For a binomial distribution with parameters \( n \) (number of trials) and \( p \) (probability of success), we can use a normal distribution to approximate it if \( np \) and \( n(1-p) \) are both greater than 5.

• The mean (\( \mu \)) of the normal approximation is the same as the binomial mean: \( np \).
• The standard deviation (\( \sigma \)) is calculated by \( \sqrt{np(1-p)} \).

This allows the binomial distribution \( B(n, p) \) to be approximated by the normal distribution \( N(np, \sqrt{np(1-p)}) \).

In our exercise, since \( np = 5 \) and \( n(1-p) = 995 \), we meet this condition, which makes the normal approximation valid.

In the context of the normal approximation to the binomial distribution, a continuity correction is used to improve the accuracy of calculation. The continuity correction accounts for the fact that a binomial distribution is discrete (individual, separate pieces) while a normal distribution is continuous (smooth and flowing everywhere).

To apply the continuity correction, we adjust our range of interest by 0.5 units. This ensures that the approximated area under the curve is more aligned with the discrete nature of the original binomial distribution.

• If calculating a probability like \( P(a \leq X \leq b) \), you adjust it to \( P(a - 0.5 \leq X \leq b + 0.5) \).
• For probabilities such as \( P(X \geq k) \), adjust to \( P(X \geq k - 0.5) \).
• For \( P(X < k) \), adjust to \( P(X < k + 0.5) \).

So in exercise part (a), \( P(5 \leq X \leq 8) \) adjusts to \( P(4.5 \leq X \leq 8.5) \), and for part (b), \( P(X \geq 8) \) adjusts to \( P(X \geq 7.5) \), making our approximation more precise.

The cumulative distribution function (CDF) helps determine the probability that a random variable is less than or equal to a specific value. For a continuous probability distribution, the CDF is expressed as \( F(x) = P(X \leq x) \). This function is extremely helpful in finding probabilities in our exercise when dealing with normal approximations.

Once we apply the continuity correction and convert our problem to a normal distribution setup, we utilize the CDF to find these probabilities.

• For part (a) of the exercise, we calculate \( P(4.5 < X < 8.5) \), which involves finding \( F(8.5) - F(4.5) \).
• For part (b), \( P(X \geq 7.5) = 1 - P(X < 7.5) \), which uses the CDF to find \( F(7.5) \) and subtracting it from 1.
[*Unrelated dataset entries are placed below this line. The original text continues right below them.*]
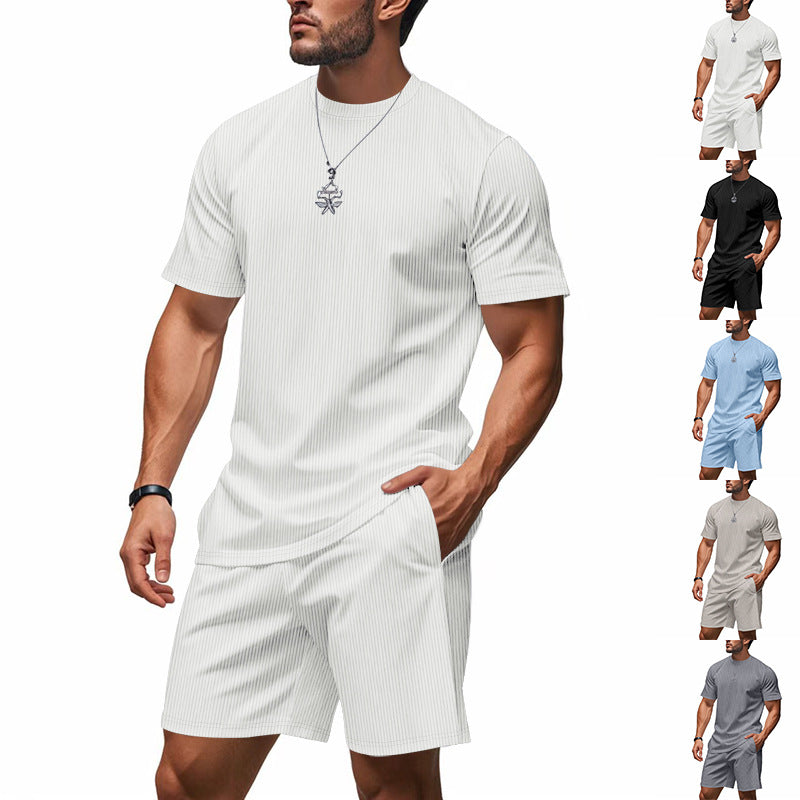 Upptäck det stiliga fritidssetet för herrar i andningsbart material från Eva Jonsson, den perfekta outfiten för avslappnade dagar och aktiv fritid. Detta set består av en högkvalitativ kortärmad tröja och bekväma shorts som tillsammans ger en harmonisk helhet.
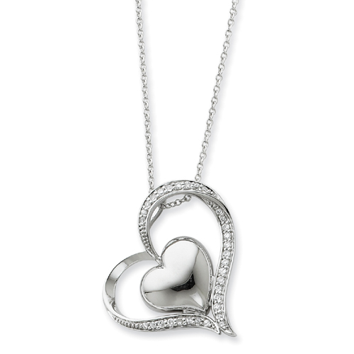 Sterling Silver & Cubic Zirconia In My Heart 18" Necklace
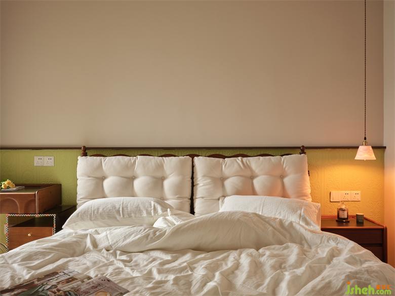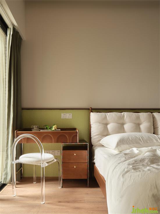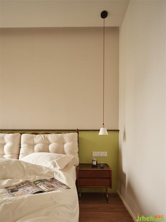 臥室床頭采用半高的淺綠色海基布作背景裝飾,瀚海東岸家裝設(shè)計(jì)古典花紋與其浮雕質(zhì)感與為奶油輕復(fù)古空間注入時(shí)尚精致家居感,清新淡雅又別具一格。
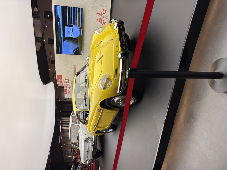The image depicts an interior scene within a car museum located in Markovo, Bulgaria. The central focus is a bright yellow, two-door vintage Alpine sports car, prominently displayed on a dark grey elevated platform. This vehicle features chrome front bumpers, circular headlights with clear covers, and a license plate reading "АВТОМУЗЕЙ МАРКОВО" (Automuseum Markovo). In the immediate foreground, a red velvet rope barrier, supported by black stanchions, separates the viewer from the display. Behind the yellow Alpine, positioned slightly to its left, is a white two-door vintage Fiat 850 coupe, also situated on a similar dark grey platform. Its front license plate displays "МАРКОВО". The background features a large digital screen to the right, exhibiting a close-up image of a car's interior or emblem. Adjacent to the screen and behind the vehicles, a display wall presents text in Cyrillic, referencing "ALPINE" and "FIAT 850 BHA 1960г." (Fiat 850 BHA 1960s), along with "1967-1971 ГОДИНА В ПЛОВДИВ" (1967-1971 year in Plovdiv). Two checkered racing flags, one red and white, the other black and white, are affixed to this wall. The ceiling above is a large, irregularly shaped, smooth white surface, contrasting with darker architectural elements. The exhibition space is brightly and uniformly lit. No people are present, and no actions or interactions are depicted within the frame.

Computing these CDF values for a normal distribution often involves looking up standard normal distribution tables or using computational tools to find the required probabilities.

A random variable is a concept that helps describe numerical outcomes of random processes. In probability and statistics, it can be thought of as a function that assigns a real number to each outcome of a statistical experiment. In our gene-carrying example, the random variable \( X \) represents the number of people in a sample of 1000 who carry a specific defective gene.

Understanding the nature of a random variable is crucial because it sets the stage for identifying the distribution type and computing probabilities based on that distribution.

• Discrete random variables take on specific, isolated values, like our variable \( X \) which counts people.
• Continuous random variables can assume any value within a given range and are typically associated with measurements.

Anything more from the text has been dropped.